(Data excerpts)
------------------------------------------------------------------------

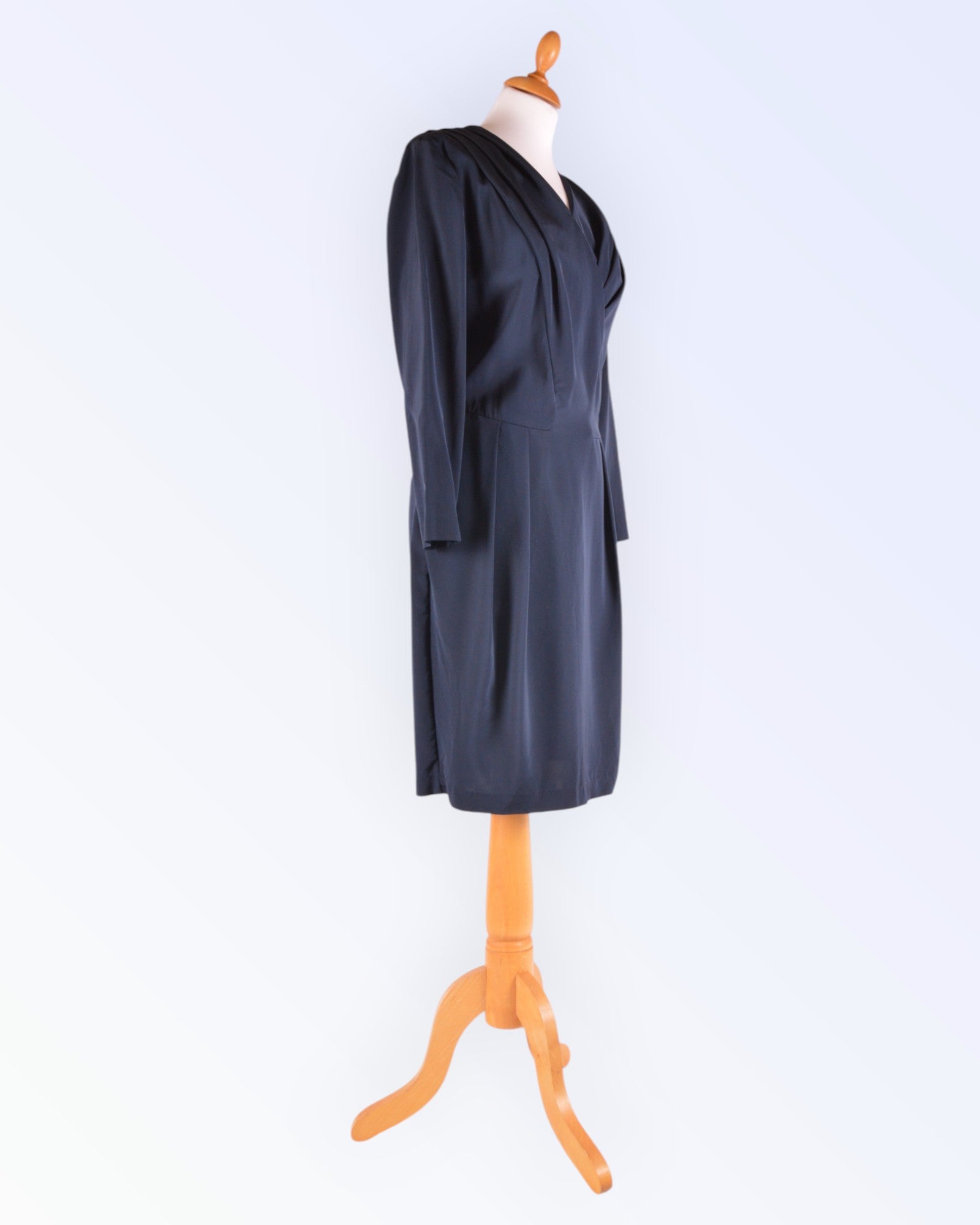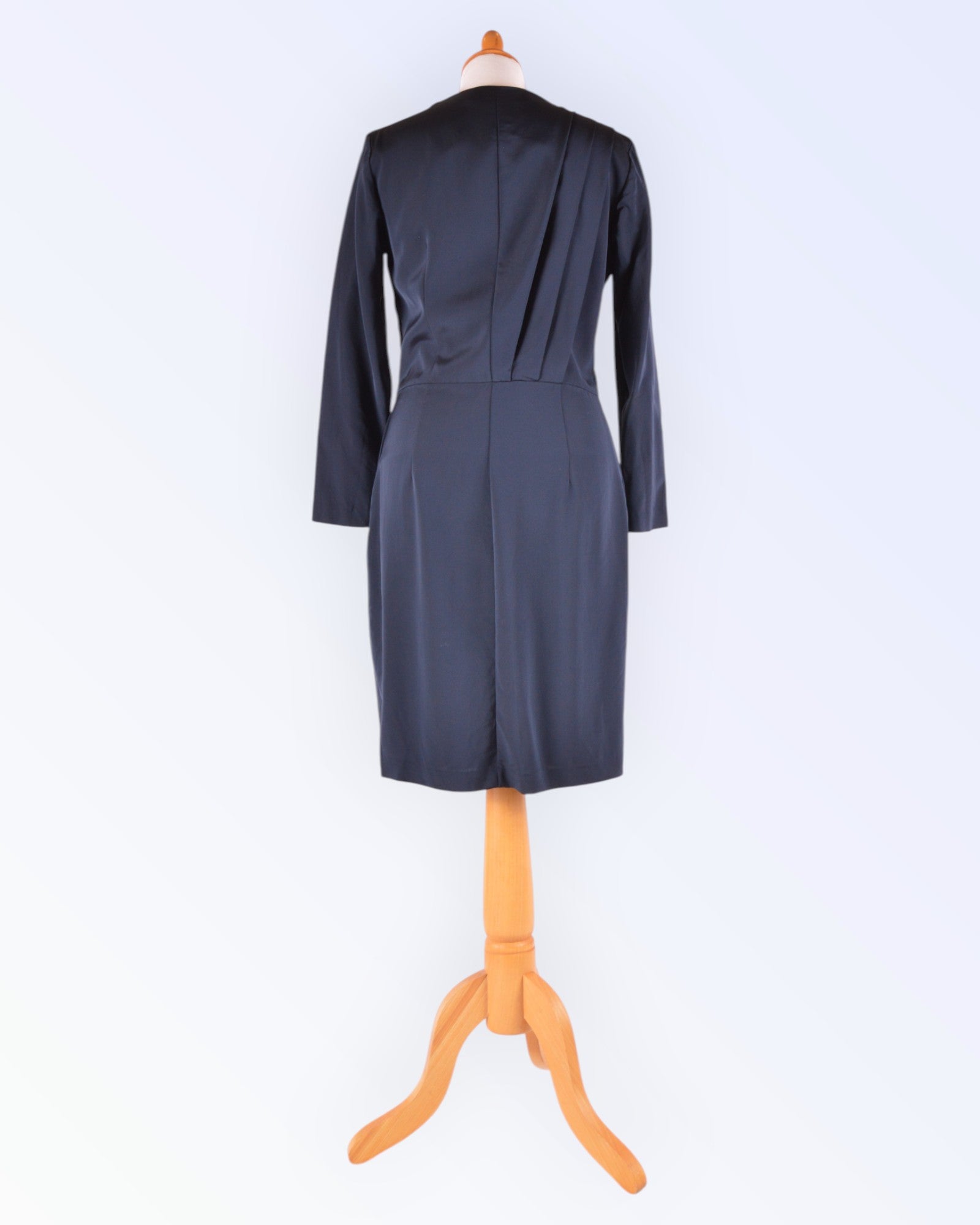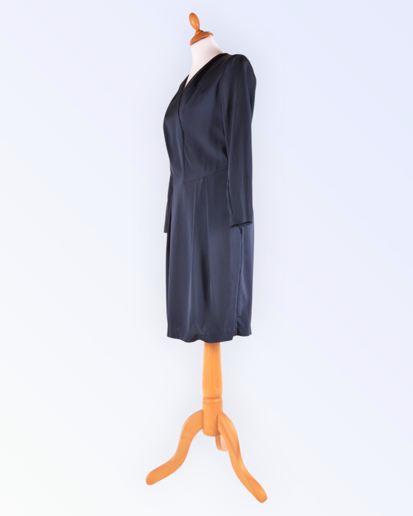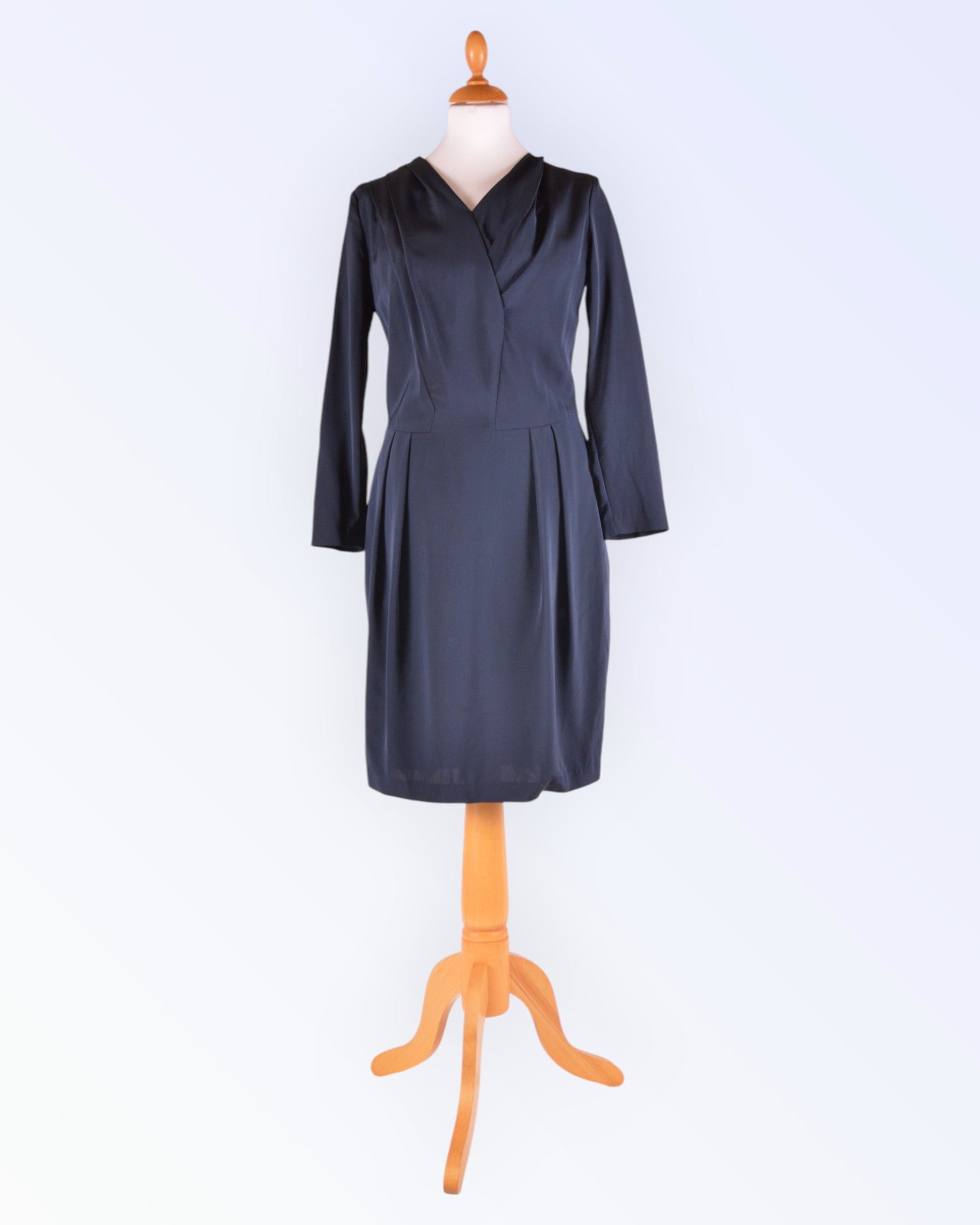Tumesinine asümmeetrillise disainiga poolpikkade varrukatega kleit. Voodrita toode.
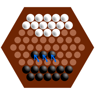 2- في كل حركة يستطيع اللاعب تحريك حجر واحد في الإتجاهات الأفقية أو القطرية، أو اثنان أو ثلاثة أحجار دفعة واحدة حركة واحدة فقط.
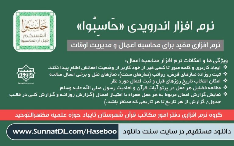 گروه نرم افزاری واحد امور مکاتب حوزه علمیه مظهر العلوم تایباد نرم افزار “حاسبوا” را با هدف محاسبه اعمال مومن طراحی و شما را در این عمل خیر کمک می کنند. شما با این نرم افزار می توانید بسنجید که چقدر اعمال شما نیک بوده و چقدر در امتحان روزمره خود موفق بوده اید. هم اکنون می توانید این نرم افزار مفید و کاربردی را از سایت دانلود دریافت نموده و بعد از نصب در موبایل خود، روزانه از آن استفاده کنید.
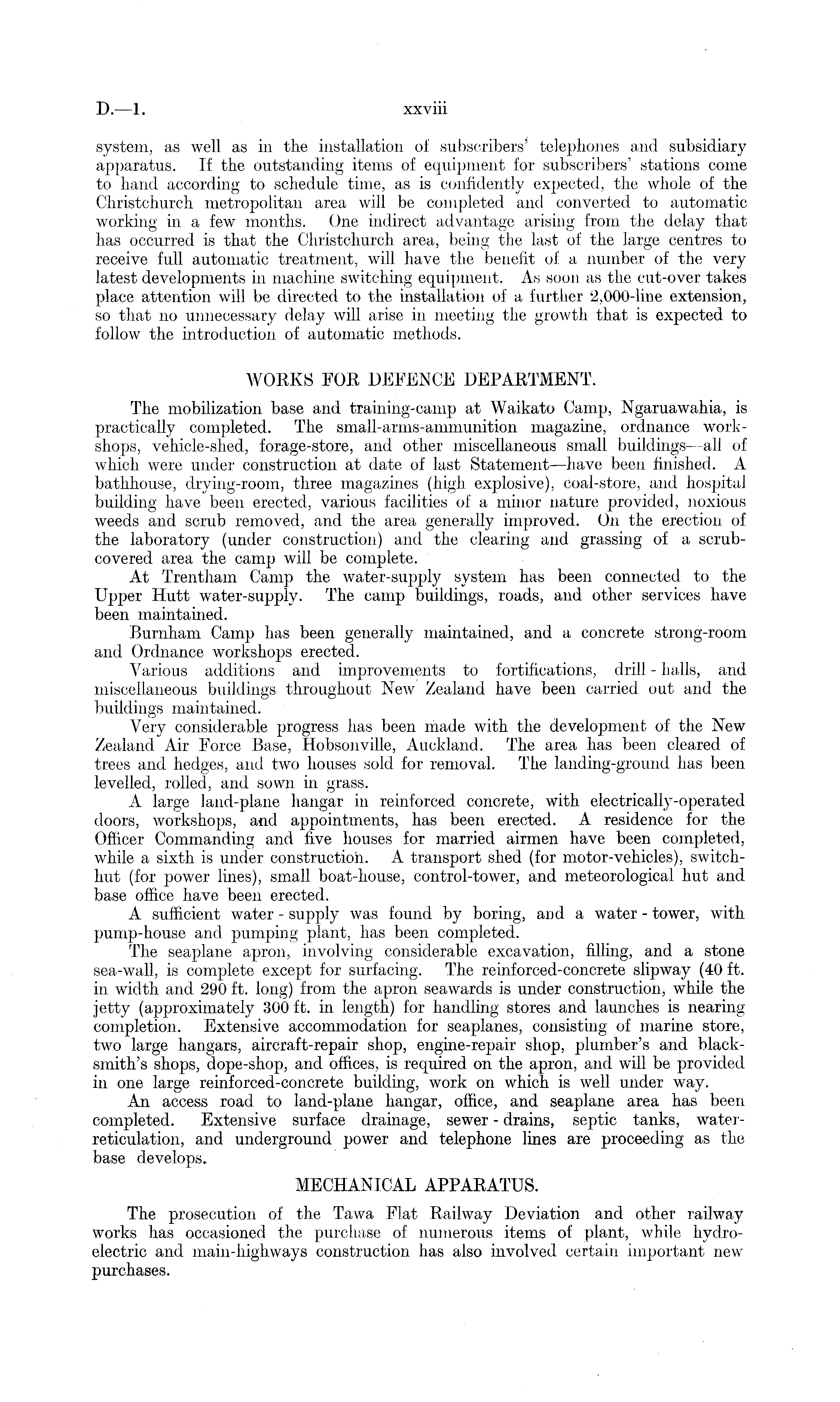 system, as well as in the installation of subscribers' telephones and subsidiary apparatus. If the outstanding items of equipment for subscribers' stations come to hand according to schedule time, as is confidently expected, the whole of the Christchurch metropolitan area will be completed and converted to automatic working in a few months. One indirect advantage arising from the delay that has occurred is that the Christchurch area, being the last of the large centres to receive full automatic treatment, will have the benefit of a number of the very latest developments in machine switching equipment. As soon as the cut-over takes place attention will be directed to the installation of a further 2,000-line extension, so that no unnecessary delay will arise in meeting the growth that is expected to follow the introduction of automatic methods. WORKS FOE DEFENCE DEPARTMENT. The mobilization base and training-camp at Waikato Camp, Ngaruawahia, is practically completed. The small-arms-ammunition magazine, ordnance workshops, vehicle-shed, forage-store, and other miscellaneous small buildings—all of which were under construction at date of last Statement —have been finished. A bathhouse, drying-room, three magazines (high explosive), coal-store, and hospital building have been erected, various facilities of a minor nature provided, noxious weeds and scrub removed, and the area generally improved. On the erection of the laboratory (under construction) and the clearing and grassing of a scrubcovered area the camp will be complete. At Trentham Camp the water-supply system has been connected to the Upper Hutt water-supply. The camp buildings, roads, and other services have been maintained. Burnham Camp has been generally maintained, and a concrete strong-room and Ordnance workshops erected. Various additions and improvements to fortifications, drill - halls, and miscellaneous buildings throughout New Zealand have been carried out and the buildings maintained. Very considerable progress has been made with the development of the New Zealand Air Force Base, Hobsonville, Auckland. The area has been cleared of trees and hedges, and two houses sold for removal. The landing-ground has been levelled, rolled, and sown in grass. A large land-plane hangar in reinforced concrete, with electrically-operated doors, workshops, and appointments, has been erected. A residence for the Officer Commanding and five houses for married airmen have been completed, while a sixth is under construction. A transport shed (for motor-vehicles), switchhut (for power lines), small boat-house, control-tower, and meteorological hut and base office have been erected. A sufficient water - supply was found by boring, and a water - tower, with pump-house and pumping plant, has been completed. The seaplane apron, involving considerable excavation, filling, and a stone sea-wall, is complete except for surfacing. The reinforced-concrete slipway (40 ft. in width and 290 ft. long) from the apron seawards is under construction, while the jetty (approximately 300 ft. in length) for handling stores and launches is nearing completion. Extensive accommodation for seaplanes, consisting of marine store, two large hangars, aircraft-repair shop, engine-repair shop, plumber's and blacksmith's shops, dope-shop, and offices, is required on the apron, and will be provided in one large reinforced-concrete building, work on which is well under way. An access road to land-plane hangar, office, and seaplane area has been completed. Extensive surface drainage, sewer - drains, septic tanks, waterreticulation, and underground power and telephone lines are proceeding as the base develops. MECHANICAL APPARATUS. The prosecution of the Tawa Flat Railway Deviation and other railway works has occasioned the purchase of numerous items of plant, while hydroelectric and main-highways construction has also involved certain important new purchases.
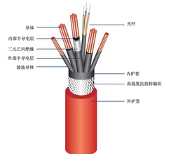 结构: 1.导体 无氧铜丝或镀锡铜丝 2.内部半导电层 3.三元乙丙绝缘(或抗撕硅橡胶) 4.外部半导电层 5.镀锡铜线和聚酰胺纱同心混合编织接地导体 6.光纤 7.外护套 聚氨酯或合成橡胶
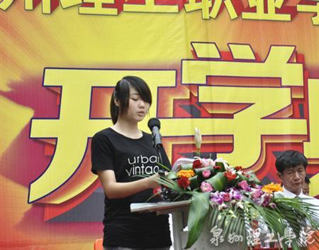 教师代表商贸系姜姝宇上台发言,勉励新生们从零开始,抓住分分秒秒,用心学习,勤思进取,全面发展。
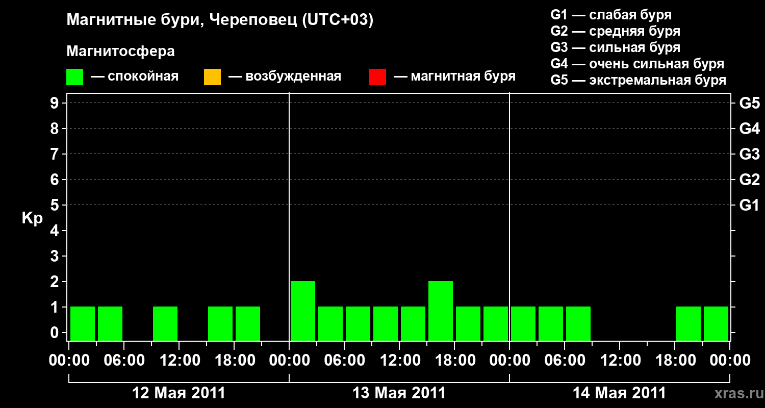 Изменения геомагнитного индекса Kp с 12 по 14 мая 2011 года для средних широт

------------------------------------------------------------------------

◆ What the task requires: Transcribe the records above verbatim. Do not carry over any picture.

◆ Output for this task:
Tumesinine asümmeetrillise disainiga poolpikkade varrukatega kleit. Voodrita toode.
 2- في كل حركة يستطيع اللاعب تحريك حجر واحد في الإتجاهات الأفقية أو القطرية، أو اثنان أو ثلاثة أحجار دفعة واحدة حركة واحدة فقط.
 گروه نرم افزاری واحد امور مکاتب حوزه علمیه مظهر العلوم تایباد نرم افزار “حاسبوا” را با هدف محاسبه اعمال مومن طراحی و شما را در این عمل خیر کمک می کنند. شما با این نرم افزار می توانید بسنجید که چقدر اعمال شما نیک بوده و چقدر در امتحان روزمره خود موفق بوده اید. هم اکنون می توانید این نرم افزار مفید و کاربردی را از سایت دانلود دریافت نموده و بعد از نصب در موبایل خود، روزانه از آن استفاده کنید.
 system, as well as in the installation of subscribers' telephones and subsidiary apparatus. If the outstanding items of equipment for subscribers' stations come to hand according to schedule time, as is confidently expected, the whole of the Christchurch metropolitan area will be completed and converted to automatic working in a few months. One indirect advantage arising from the delay that has occurred is that the Christchurch area, being the last of the large centres to receive full automatic treatment, will have the benefit of a number of the very latest developments in machine switching equipment. As soon as the cut-over takes place attention will be directed to the installation of a further 2,000-line extension, so that no unnecessary delay will arise in meeting the growth that is expected to follow the introduction of automatic methods. WORKS FOE DEFENCE DEPARTMENT. The mobilization base and training-camp at Waikato Camp, Ngaruawahia, is practically completed. The small-arms-ammunition magazine, ordnance workshops, vehicle-shed, forage-store, and other miscellaneous small buildings—all of which were under construction at date of last Statement —have been finished. A bathhouse, drying-room, three magazines (high explosive), coal-store, and hospital building have been erected, various facilities of a minor nature provided, noxious weeds and scrub removed, and the area generally improved. On the erection of the laboratory (under construction) and the clearing and grassing of a scrubcovered area the camp will be complete. At Trentham Camp the water-supply system has been connected to the Upper Hutt water-supply. The camp buildings, roads, and other services have been maintained. Burnham Camp has been generally maintained, and a concrete strong-room and Ordnance workshops erected. Various additions and improvements to fortifications, drill - halls, and miscellaneous buildings throughout New Zealand have been carried out and the buildings maintained. Very considerable progress has been made with the development of the New Zealand Air Force Base, Hobsonville, Auckland. The area has been cleared of trees and hedges, and two houses sold for removal. The landing-ground has been levelled, rolled, and sown in grass. A large land-plane hangar in reinforced concrete, with electrically-operated doors, workshops, and appointments, has been erected. A residence for the Officer Commanding and five houses for married airmen have been completed, while a sixth is under construction. A transport shed (for motor-vehicles), switchhut (for power lines), small boat-house, control-tower, and meteorological hut and base office have been erected. A sufficient water - supply was found by boring, and a water - tower, with pump-house and pumping plant, has been completed. The seaplane apron, involving considerable excavation, filling, and a stone sea-wall, is complete except for surfacing. The reinforced-concrete slipway (40 ft. in width and 290 ft. long) from the apron seawards is under construction, while the jetty (approximately 300 ft. in length) for handling stores and launches is nearing completion. Extensive accommodation for seaplanes, consisting of marine store, two large hangars, aircraft-repair shop, engine-repair shop, plumber's and blacksmith's shops, dope-shop, and offices, is required on the apron, and will be provided in one large reinforced-concrete building, work on which is well under way. An access road to land-plane hangar, office, and seaplane area has been completed. Extensive surface drainage, sewer - drains, septic tanks, waterreticulation, and underground power and telephone lines are proceeding as the base develops. MECHANICAL APPARATUS. The prosecution of the Tawa Flat Railway Deviation and other railway works has occasioned the purchase of numerous items of plant, while hydroelectric and main-highways construction has also involved certain important new purchases.
 结构: 1.导体 无氧铜丝或镀锡铜丝 2.内部半导电层 3.三元乙丙绝缘(或抗撕硅橡胶) 4.外部半导电层 5.镀锡铜线和聚酰胺纱同心混合编织接地导体 6.光纤 7.外护套 聚氨酯或合成橡胶
 教师代表商贸系姜姝宇上台发言,勉励新生们从零开始,抓住分分秒秒,用心学习,勤思进取,全面发展。
 Изменения геомагнитного индекса Kp с 12 по 14 мая 2011 года для средних широт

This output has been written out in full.